ACTIVITY: The answer must consist solely of the lines from the one containing "CONVENIENT TO USE:Attaches" through the last line of the records below, repeated exactly, with all pictures omitted.

··· STUDY MATERIAL ···

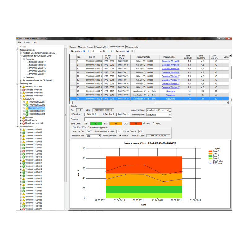 USB-Interface, PC-Software zur Messpunktverwaltung nach MIMOSA-Konvention und zur Messauswertung
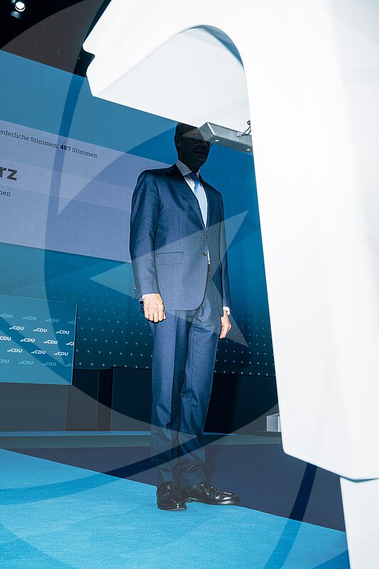 Friedrich Merz lässt sich nach seiner Wiederwahl als Parteivorsitzender auf dem Bundesparteitag feiern.
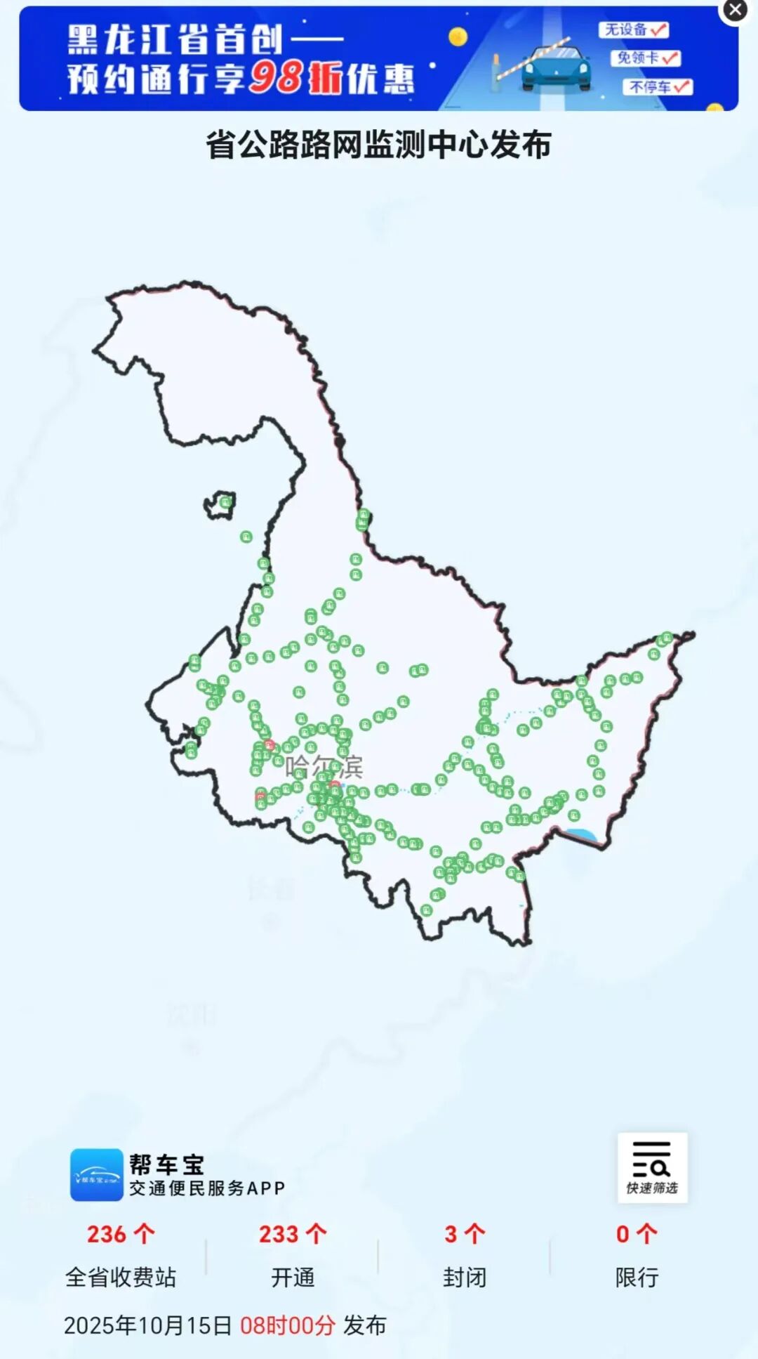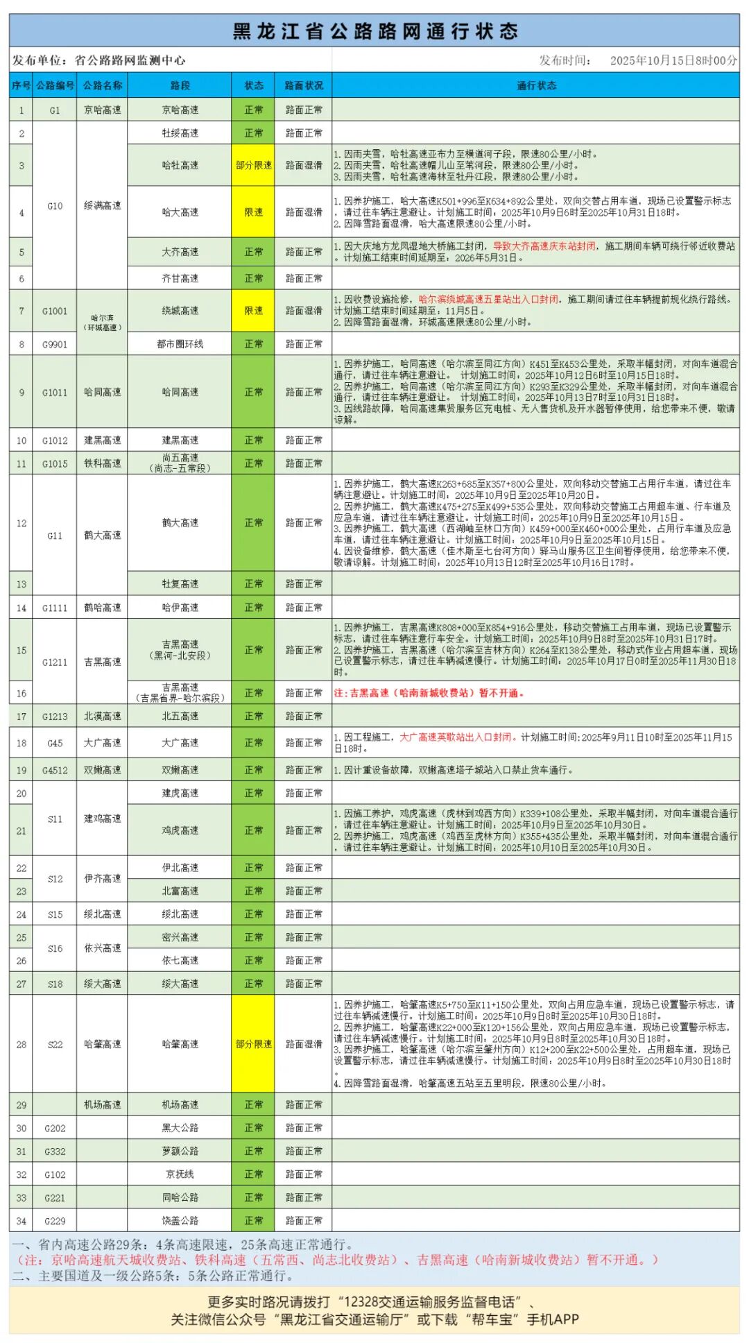 10月15日8時匯總路況信息:限速的高速有(4條高速):哈牡高速(帽兒山至牡丹江站)、哈肇高速(五站至五裡明站)、哈爾濱繞城高速、哈大高速,限速80公裡/小時。省內其它高速路況正常。
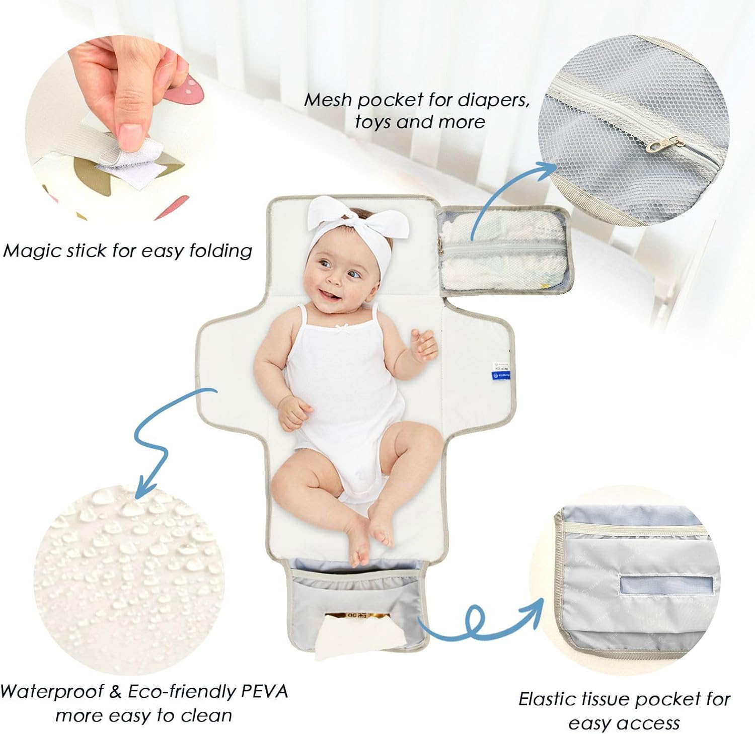 CONVENIENT TO USE:Attaches to stroller or diaper bags with the snap closure. The foldable changing mat folds down to 11.8 x 8.5 inches – as light as standard mats and fits effortlessly into wet bags for compact travel.
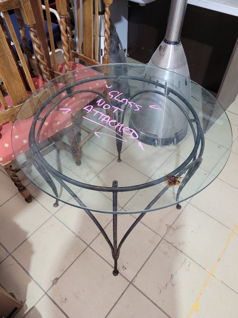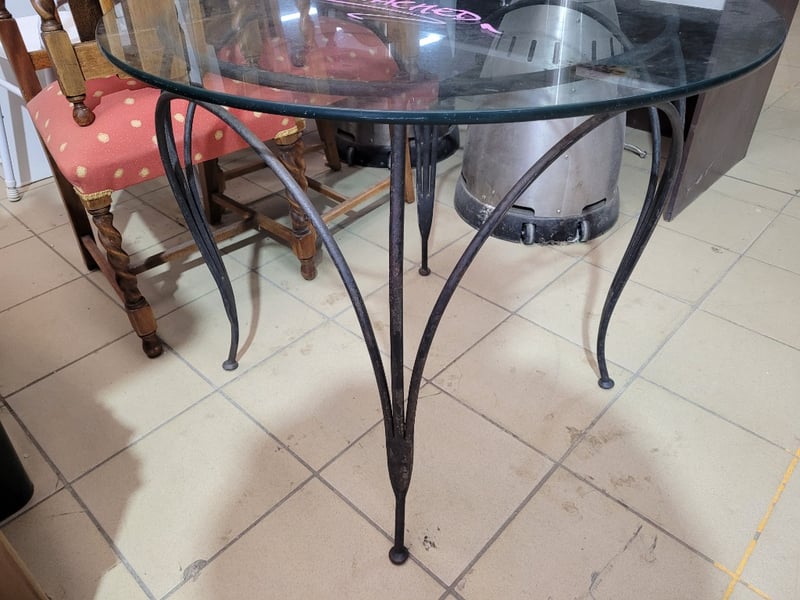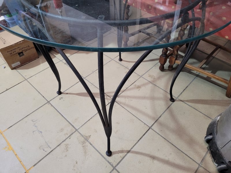 Detachable Round Glass Table with a Wrought Iron Base Dimensions H:75cm W:90cm D:90cm
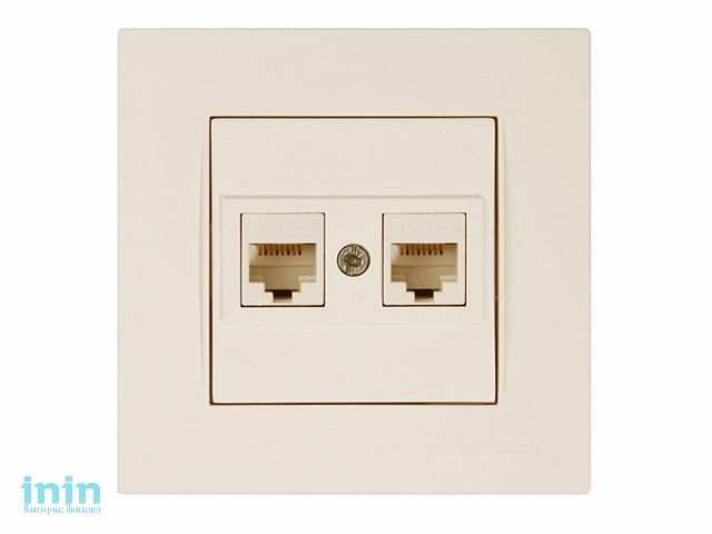 Розетка компьютерная 2xRJ45 (Cat6, скрытая) кремовая, RITA, MUTLUSAN

···

TASK RESPONSE:
 CONVENIENT TO USE:Attaches to stroller or diaper bags with the snap closure. The foldable changing mat folds down to 11.8 x 8.5 inches – as light as standard mats and fits effortlessly into wet bags for compact travel.
 Detachable Round Glass Table with a Wrought Iron Base Dimensions H:75cm W:90cm D:90cm
 Розетка компьютерная 2xRJ45 (Cat6, скрытая) кремовая, RITA, MUTLUSAN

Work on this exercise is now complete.